METHODS: In this observational study, parents of children with type 1 diabetes completed a questionnaire, anonymously. Different questions were asked to the parent about the objective burden of diabetes and its repercussion, their exhaustion and need for respite. Two validated instruments (HADS, WHOQOL-BREF) have been integrated into the questionnaire.

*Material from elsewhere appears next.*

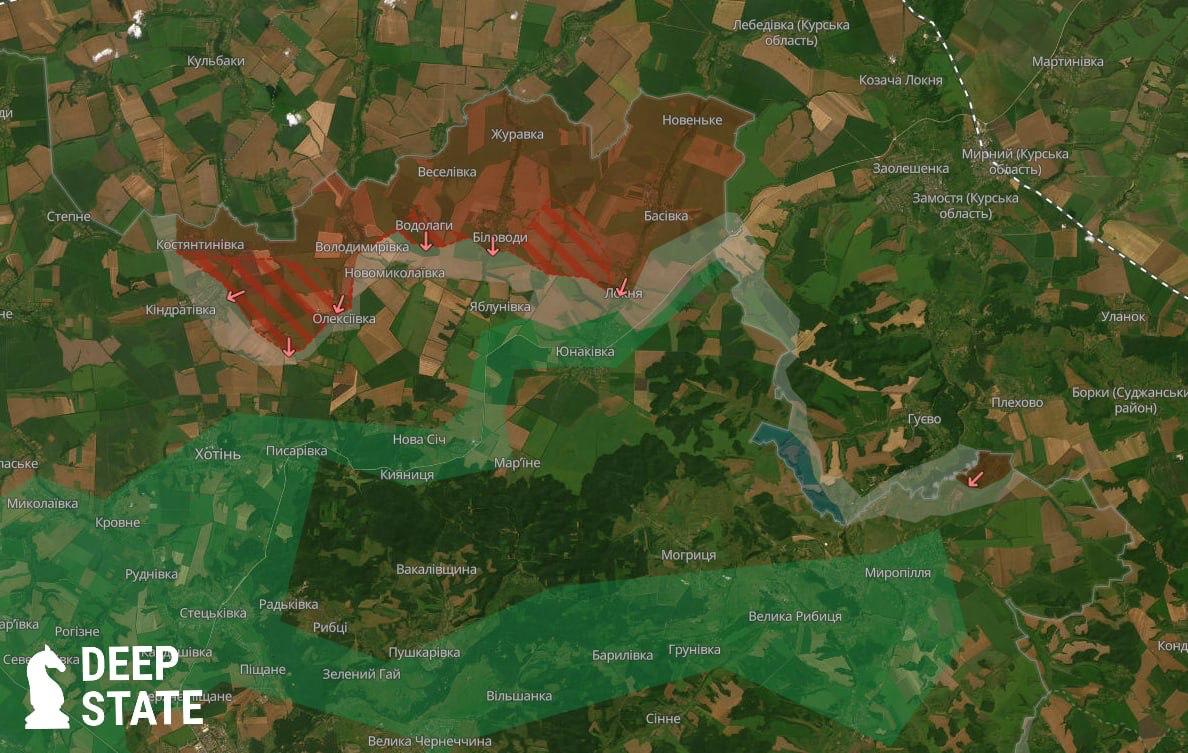 8.03 Росіяни на Сумщині захопили села Андріївка та Водологи, повідомляє військовий паблік Deep State.

RESULTS: Eighty eight parents were included in the study. Among them, 76 (86%) were mothers. All the parents with a child aged 6 years or younger (10/10) reported having to take care of their child's diabetes twice or more a day, this was the case for 37/39 (94.9%) parents of children aged 7 to 13, and for 16/36 (44.4%) of parents of children aged 14 years or above. In the total population, 33/86 (38.4%) parents declared getting up every night because of their child's diabetes. The median daily time spent on diabetes management was 40 minutes. There were 54 parents (62.8%) who reported moderate-strong exhaustion, and 27 (30.7%) who expressed a moderate-strong need for respite. Regarding the result of the HADS, 46 parents (55.4%) reported symptoms of anxiety and/or depression.

DISCUSSION/CONCLUSION: Parents of children with type 1 diabetes must carry out multiple daily care, at all times of day and night. Their emotional state can be impacted with, in particular, a risk of exhaustion. Screening for these difficulties should be a part of the overall management of a child with type 1 diabetes and his family to limit various complications.